Let’s talk about what would happen if you went two weeks with less than five hours of sleep each night.

Getting seven to eight hours of sleep is the best way to support a healthy body. But many people aren’t getting enough quality sleep.

There are so many health benefits of sleep. This is when our bodies recover, burn fat, and detoxify the most.

Here are the top side effects of not getting enough sleep:
• Fatigue
• Mood changes
• Poor cognitive function (with memory, focus, concentration)
• Sympathetic hyperactivity
• An increased risk of cardiovascular problems, stroke, and diabetes
• Weight gain
• Fatty liver
• Immune system impairment
• Poor recovery from injury, stress, or exercise

If you have sleep apnea or you're a heavy snorer, you may experience an imbalance of oxygen and CO2, which can cause poor sleep.

Other potential severe side effects of sleep apnea can include:
• Brain atrophy
• Increased risk of cancer, cardiovascular incidents, stroke, and diabetes

There are many different natural things you can try for sleep apnea. Check out my other videos for more information.

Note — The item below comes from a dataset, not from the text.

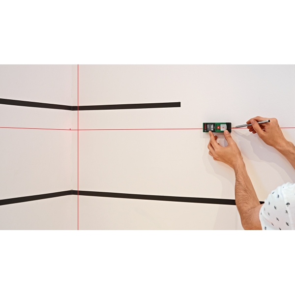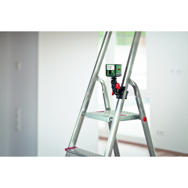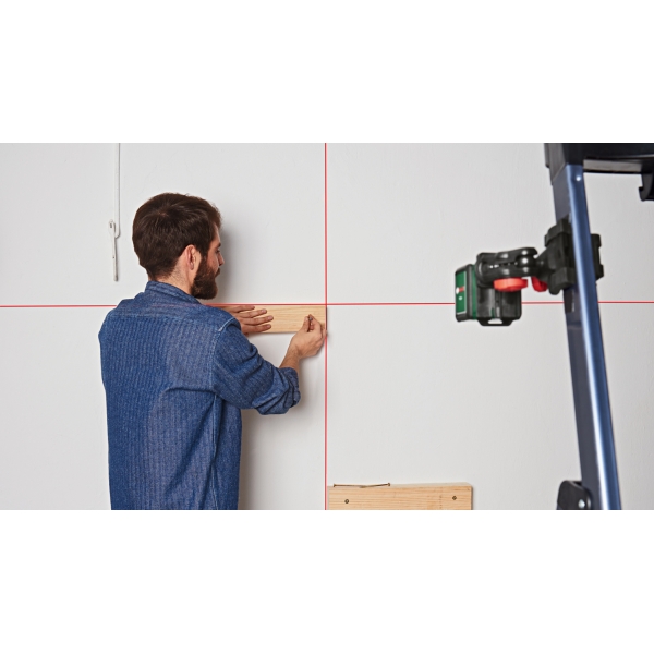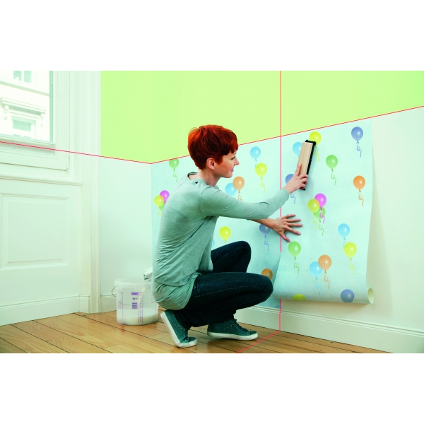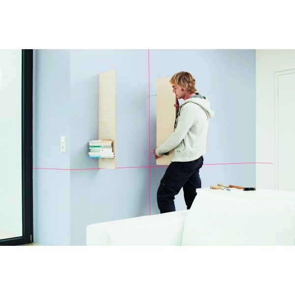 Cu clapeta de acoperire deschisa, aparatul este imediat pregatit de functionare si proiecteaza gratie autonivelarii o cruce laser dreapta 100% pe perete.

What to do if you’re not getting enough sleep:
1. Take a nap
2. Keep you’re room cool (between 60 to 68 degrees Fahrenheit) and leave your window open if possible
3. Try to keep the humidity in your room at 50%
4. Turn off all electronics in your room when you’re sleeping
5. Don’t overeat or undereat in the evening, and make sure to consume enough protein
6. Don’t eat too late in the evening
7. As it gets dark, start dimming the lights and avoiding blue light

Dr. Eric Berg DC Bio:
Dr. Berg, age 58, is a chiropractor who specializes in Healthy Ketosis and intermittent fasting. He is the author of the best-selling book The Healthy Keto Plan, and is the Director of Dr. Berg Nutritionals®. He no longer practices, but focuses on health education through social media.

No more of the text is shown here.